Scholars have carried out multiple studies on the seismic reinforcement of reinforced concrete columns, mainly using enlarged-section reinforcement, steel-frame reinforcement, bonded-steel reinforcement and fiber-sheet reinforcement. However, these studies mainly focus on the uncorroded columns, and the material mainly concentrated on is carbon fiber, while the reinforcement performance of the component after corrosion has rarely been studied. Li [13,14,15,16] conducted experimental research on the seismic performance of corroded concrete square columns and circular columns reinforced with CFRP. Gong [17,18] studied the seismic performance of corroded concrete columns reinforced with hybrid fibers by considering the effects of axial compression ratio and stirrup reinforcement ratio. Carbon fiber has good physical and mechanical properties, but it depends on imports and is expensive. The price of basalt fiber is between 1/10 and 1/20 of carbon fiber, which has an absolute price advantage with high strength and good durability. However, there are few studies concerning the basalt fiber with better comprehensive performance.

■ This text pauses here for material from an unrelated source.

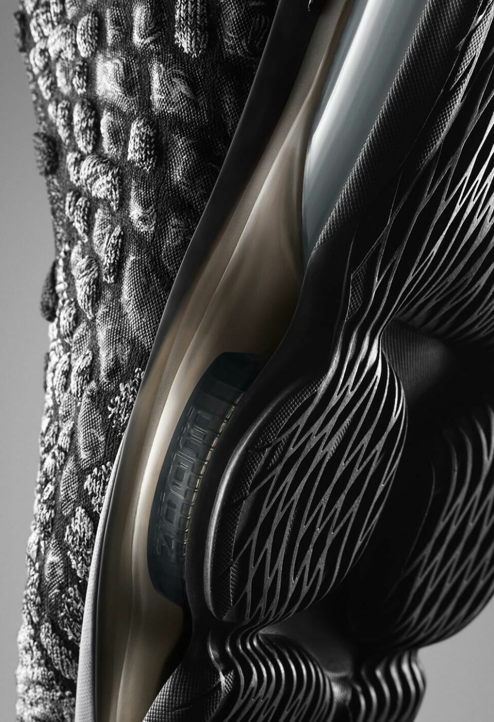 The sportswear industry has spearheaded a revolutionary shift in textiles to 3D knitting and Knitposites. One new technique applies heat in the knitting process to create a jewel-like armoured exoskeleton which is both structural and soft in certain areas as required. The combination of lightweight flyknit construction with heat-moulded yarns allows the addition of structure and colour. The result is a durable, supportive and stretch-resistant surface. Designers can experiment more freely, trying ‘fit to form’ concepts with much more complex fabrics. Growing awareness of the need to develop more sustainable fabrics is driving the use of plastic ocean waste, recycled fibres, or simply more natural fibres. Such possibilities bring renewed interest in environmentally responsible alternative textiles with premium and high-tech appeal. Industries not commonly known for their innovative use of fabrics are starting to embrace these for their limitless graphic opportunities, tactility and visual differentiation.
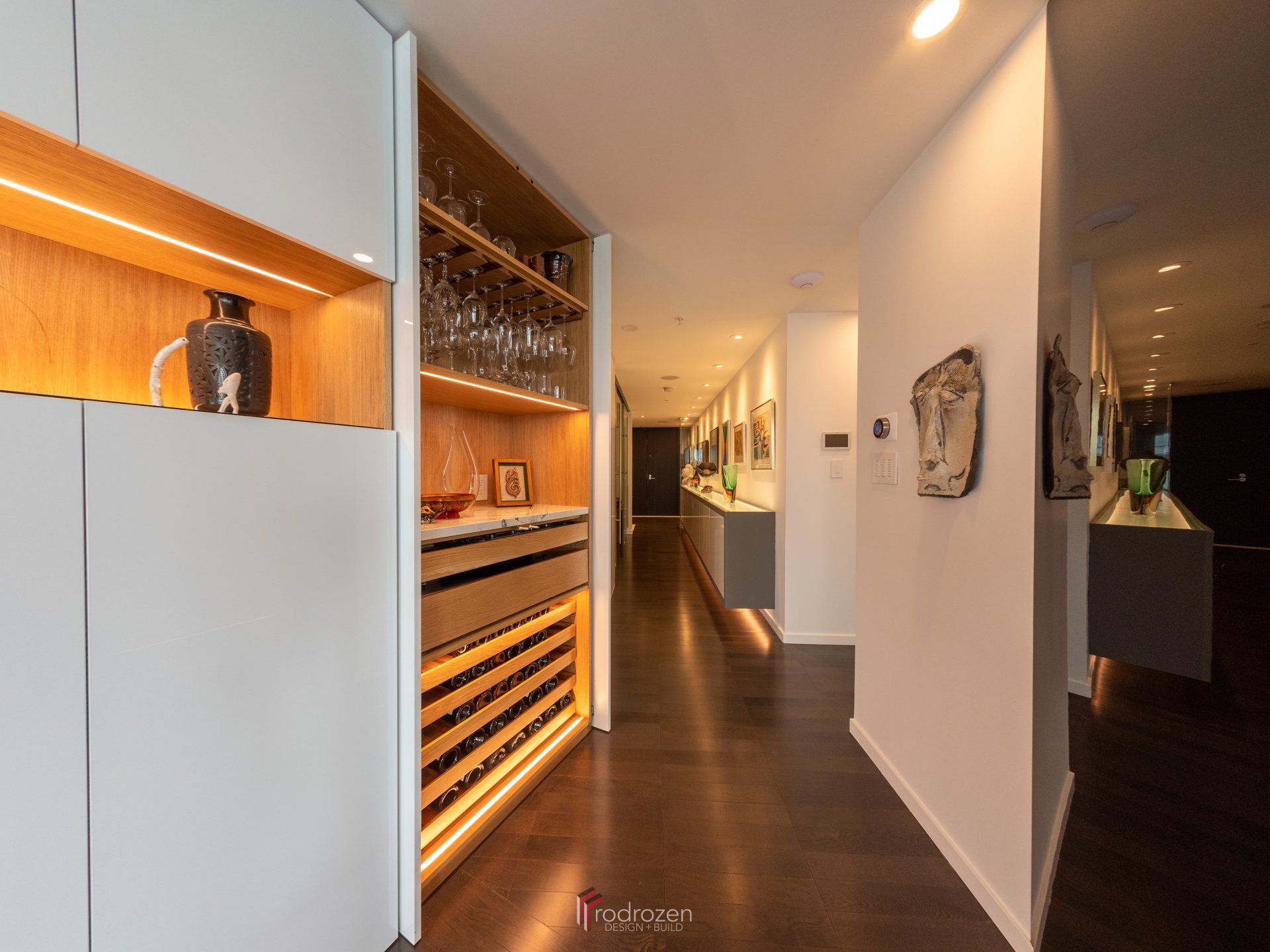 This condo renovation features a floating cabinet with LED up and downlighting, we extended the millwork with a functional and entertaining wine and cocktail bar that features LED lighting and soft touch wine draws. We continued this through to the dining space where we showcase our client’s art above the dining table. We added onto the existing kitchen design with a pantry space and a sliding pocket door office.

In order to study the seismic performance of corroded concrete columns reinforced with basalt fiber sheets, the low-cycle repeated test of four reinforced concrete columns was completed. The failure process and form of concrete columns under working conditions of no corrosion, corrosion and corrosion reinforcement were described. The effect of the layers of reinforced basalt fibers on the seismic performance indexes, such as hysteretic performance, bearing capacity, stiffness and ductility of the reinforced concrete columns, was compared and analyzed.

2. Specimen Design and Fabrication

2.1. Specimen Design

Four reinforced concrete columns were designed and fabricated with the corrosion rates set to be 0 and 8%, respectively, in the test. The corrosion process was applied to the reinforcing steel. The corrosion rate determined by the mass loss. The concrete strength grade was C40 with the slump of 16 ± 2 cm. The thickness of the net protective layer was set as 30 mm. Moreover, commercial concrete was applied in present research and the strength grade was C30. The water-to-binder ratio of concrete in all tested specimens was 0.48, and the mixed proportions by weight of cement, sand, coarse aggregates, fly ash, ground granulated basalt furnace slag and superplasticizer were 210, 719, 1112, 70, 70 and 4.18 kg/m³, respectively. Three 16 mm diameter grade III steel (HRB400) longitudinal bars were arranged on each side with symmetrical reinforcement. The stirrups were made of grade I steel (HPB235) with the diameter and spacing of 8 mm and 80 mm, respectively. The stirrups at both ends of the specimen were properly densified with the spacing of 50 mm. The geometric size of specimens and the reinforcement form are shown in Figure 1.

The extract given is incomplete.